Week #2

Author

Adrian Correndo & Josefina Lacasa

Introduction to Bayesian Stats

This article is intended to provide a brief introduction to key concepts about Bayesian theory and differences with the traditional Frequentist approach:

Important

Neither of both, Frequentist or Bayesian, are always the most suitable solution for your analysis. However….😉

For this reason, today we are going to discuss and compare both approaches.

Let’s watch some short videos about it

1. Frequentism vs Bayesianism

What do you think?

  • Open discussion….

2. Main Differences

Perhaps, the main disagreement between Frequentism and Bayesianism is about the TRUTH.

The Frequentism vision is heavily rooted on the actual existence of the TRUTH. Every time we estimate a model’s parameter, we expect to approximate to a true value. It is named “frequentism” because it is based on the frequency of repeated events.

For example, if we want to assess the probability of getting a #6 when rolling a dice, Frequentism says that “If we roll a dice close to infinite times, the proportion of #6 out of the total number of rolls will approach 16.7% (the theoretical probability)”. Thus, Frequentism makes inference conditional to an ideal, “theoretical” condition of repeating the same experiment infinite times. In other words, conclusions rely on events we have not observed.

The Bayesian approach instead, DOES NOT assume the existence of the TRUTH. In contrast, it is based on PROBABILITIES & BELIEFS.

PROBABILITIES: For the Bayesian vision, everything is a matter of probability. Any fact or result about an “estimate” could range from extremely unlikely to extremely likely. However, anything is considered completely true or false.

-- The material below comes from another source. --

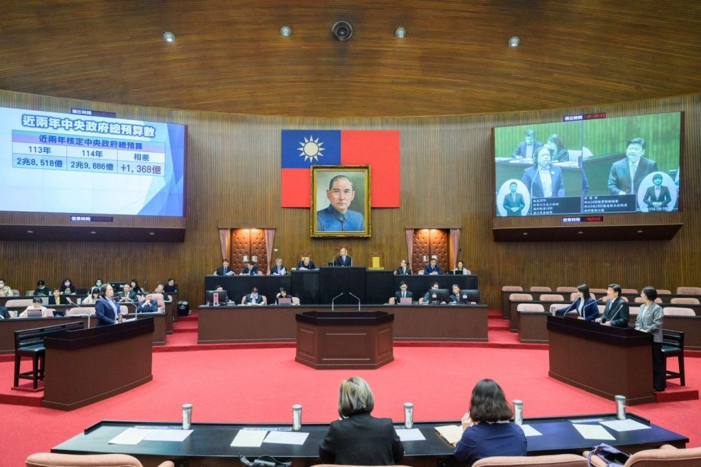 昨11日各部會首長均坦承114年度預算大幅增加後,今(12)日上午針對財劃法覆議案,國民黨立法院黨團總召傅崐萁數次詢問主計長,確認114年度總預算原編列3兆1325億元,刪除1439億元後,最後核定2兆9886億元,比去年增加1368億元。前三年中央政府歲計謄餘共一兆元,問依新版財劃法編列三千多億元補助地方,是否「合乎中華民國憲法?」主計長答是,問是否「落實行政地方自治?」主計長也答是。而對於台積電外移及美要求軍費佔GDP10%,傅崐萁提醒卓榮泰院長學學日本、加拿大、墨西哥要挺直腰桿,在台灣2300萬人未獲得國安保障前,不要當秦檜出賣台灣。

BELIEFS: here is probably the most important point of the Bayesian vision. Bayesian models allow to introduce (and update) prior knowledge on a topic, introducing our own certainty or uncertainty about events. EVEN IF WE DON’T KNOW ANYTHING about it (spoiler alter: uninformative prior!).

Bayesianism considers probability as an expression of the degree of certainty (or uncertainty).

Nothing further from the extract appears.